=== RECORDS FOR THIS TASK ===
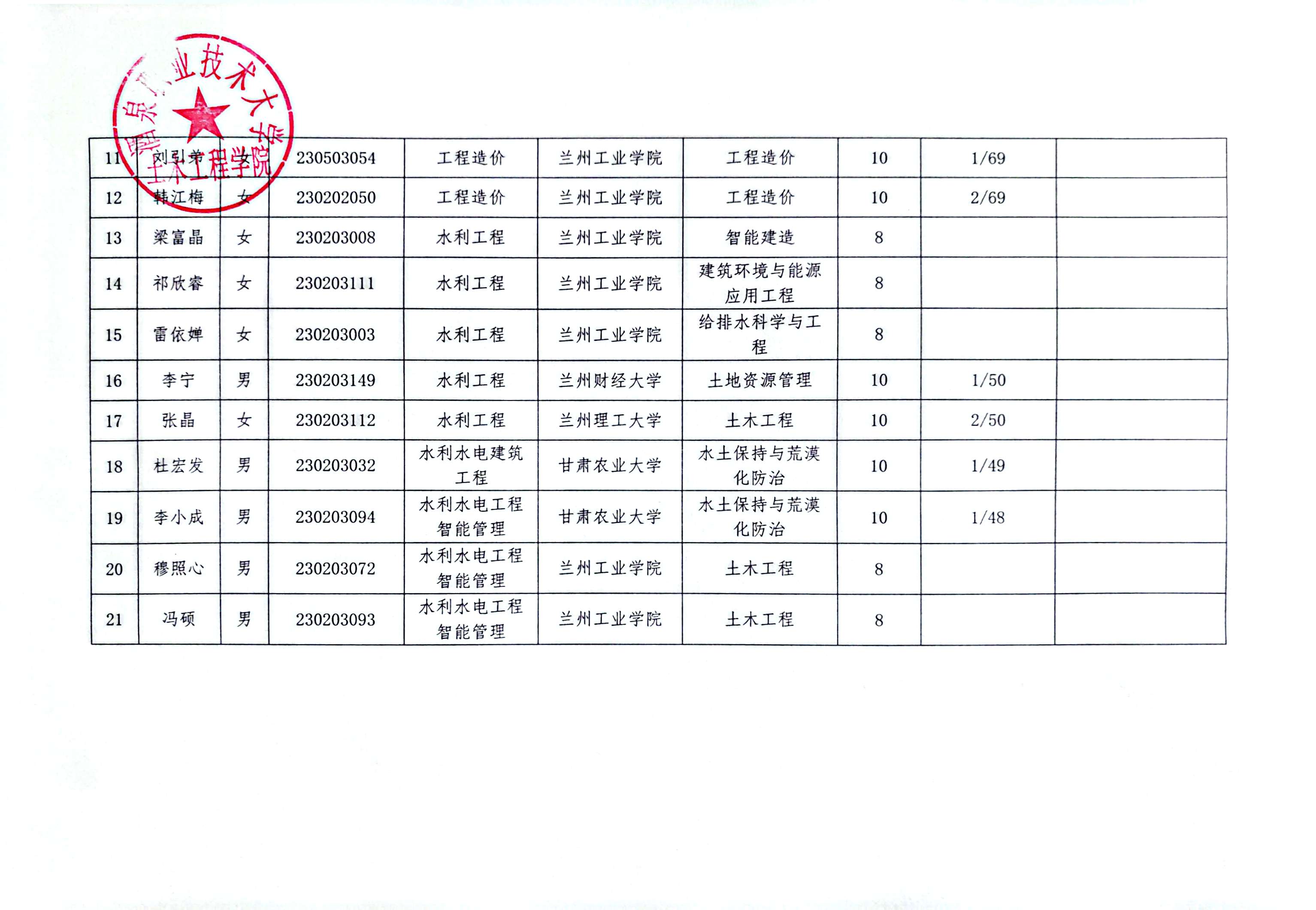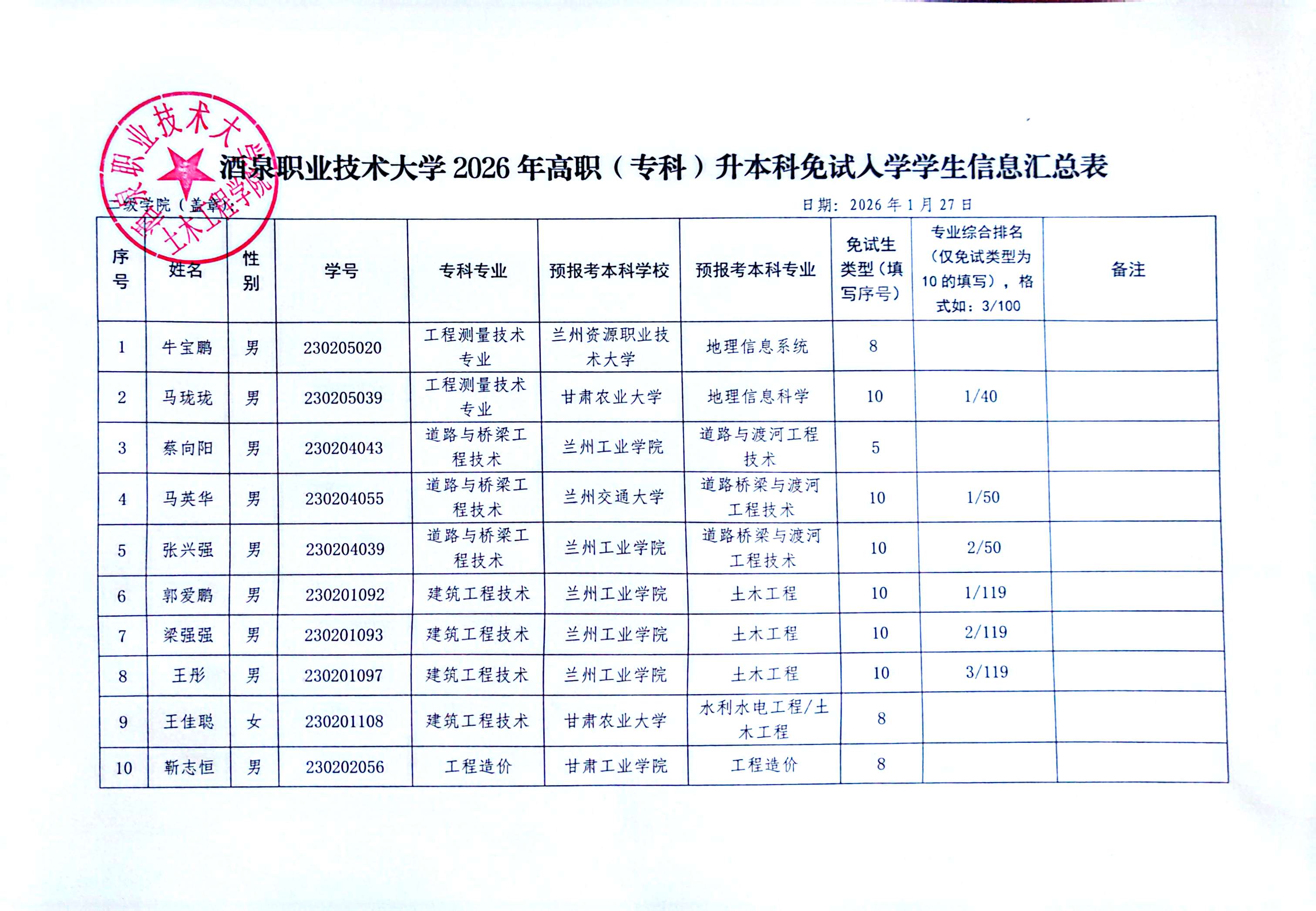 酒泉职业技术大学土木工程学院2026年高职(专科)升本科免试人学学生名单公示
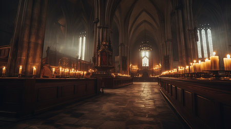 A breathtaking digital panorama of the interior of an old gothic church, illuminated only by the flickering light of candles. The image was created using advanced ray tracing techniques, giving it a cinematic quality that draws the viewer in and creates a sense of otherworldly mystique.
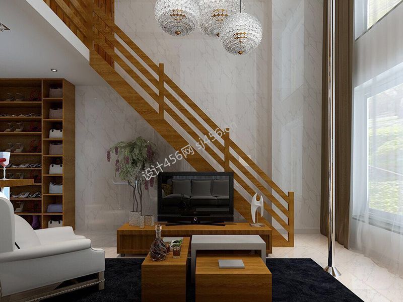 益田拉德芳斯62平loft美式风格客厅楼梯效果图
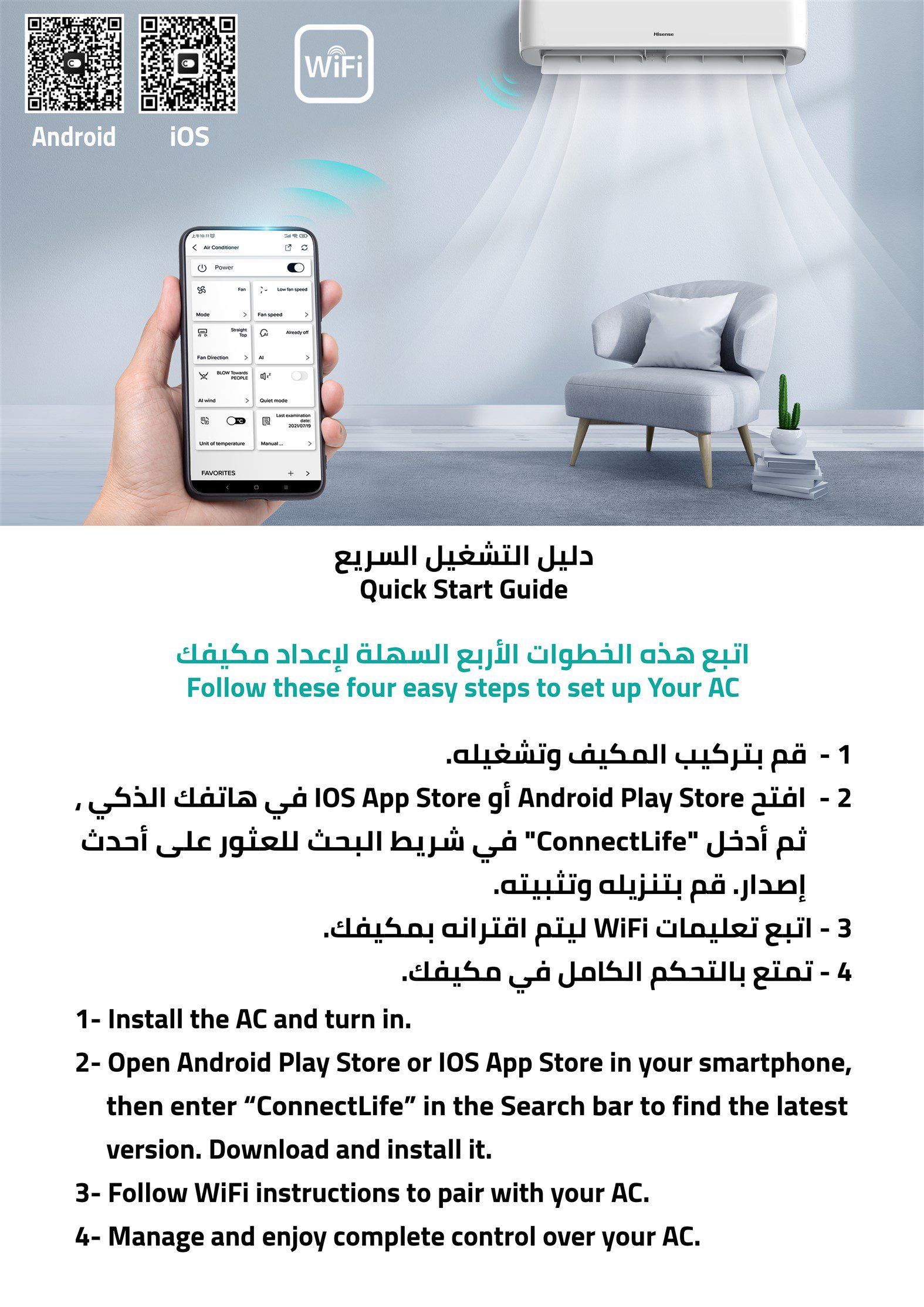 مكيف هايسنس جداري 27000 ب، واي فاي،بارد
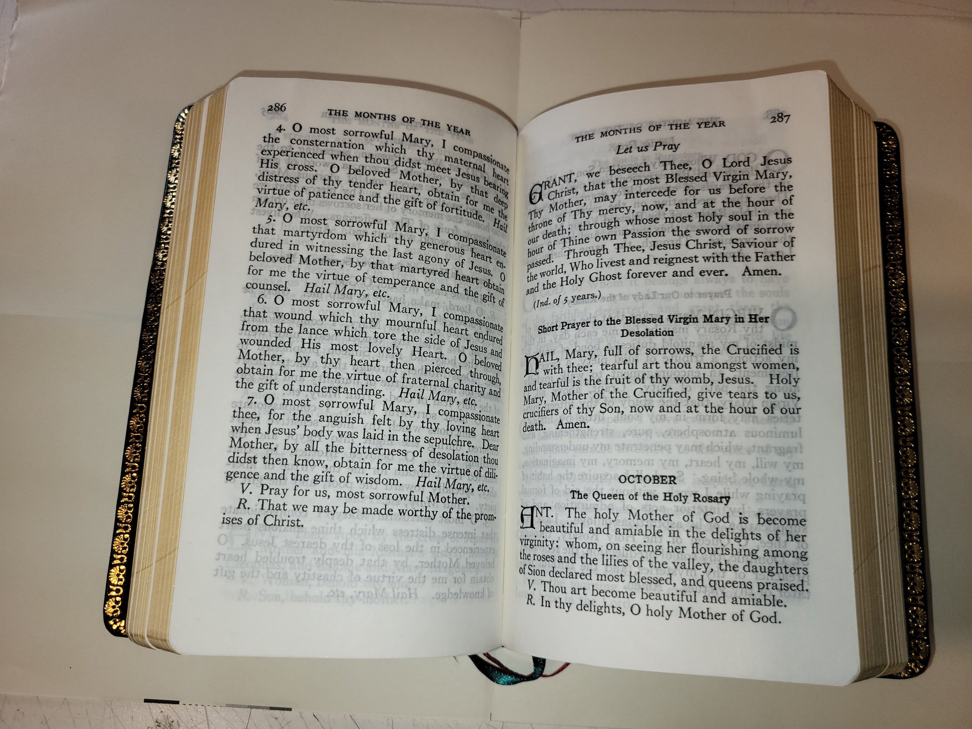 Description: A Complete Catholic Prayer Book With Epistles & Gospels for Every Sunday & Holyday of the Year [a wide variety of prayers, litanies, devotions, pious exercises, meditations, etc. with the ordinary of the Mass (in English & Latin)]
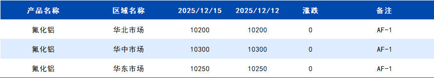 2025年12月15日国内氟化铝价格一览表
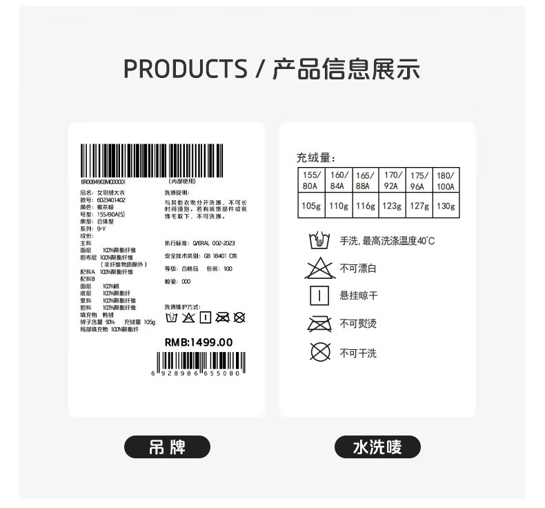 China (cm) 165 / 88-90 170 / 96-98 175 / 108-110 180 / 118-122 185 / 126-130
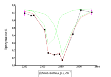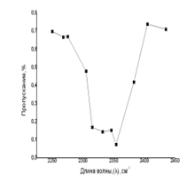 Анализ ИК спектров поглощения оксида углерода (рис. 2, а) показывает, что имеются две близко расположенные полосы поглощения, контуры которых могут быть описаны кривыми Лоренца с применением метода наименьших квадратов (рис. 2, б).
===
» **TASK DETAILS**
Begin at the first line of the data above and repeat each line exactly, stopping after the line containing "مكيف هايسنس جداري 27000 ب، واي فاي،بارد". Omit the pictures.

» **TASK SOLUTION**
 酒泉职业技术大学土木工程学院2026年高职(专科)升本科免试人学学生名单公示
 A breathtaking digital panorama of the interior of an old gothic church, illuminated only by the flickering light of candles. The image was created using advanced ray tracing techniques, giving it a cinematic quality that draws the viewer in and creates a sense of otherworldly mystique.
 益田拉德芳斯62平loft美式风格客厅楼梯效果图
 مكيف هايسنس جداري 27000 ب، واي فاي،بارد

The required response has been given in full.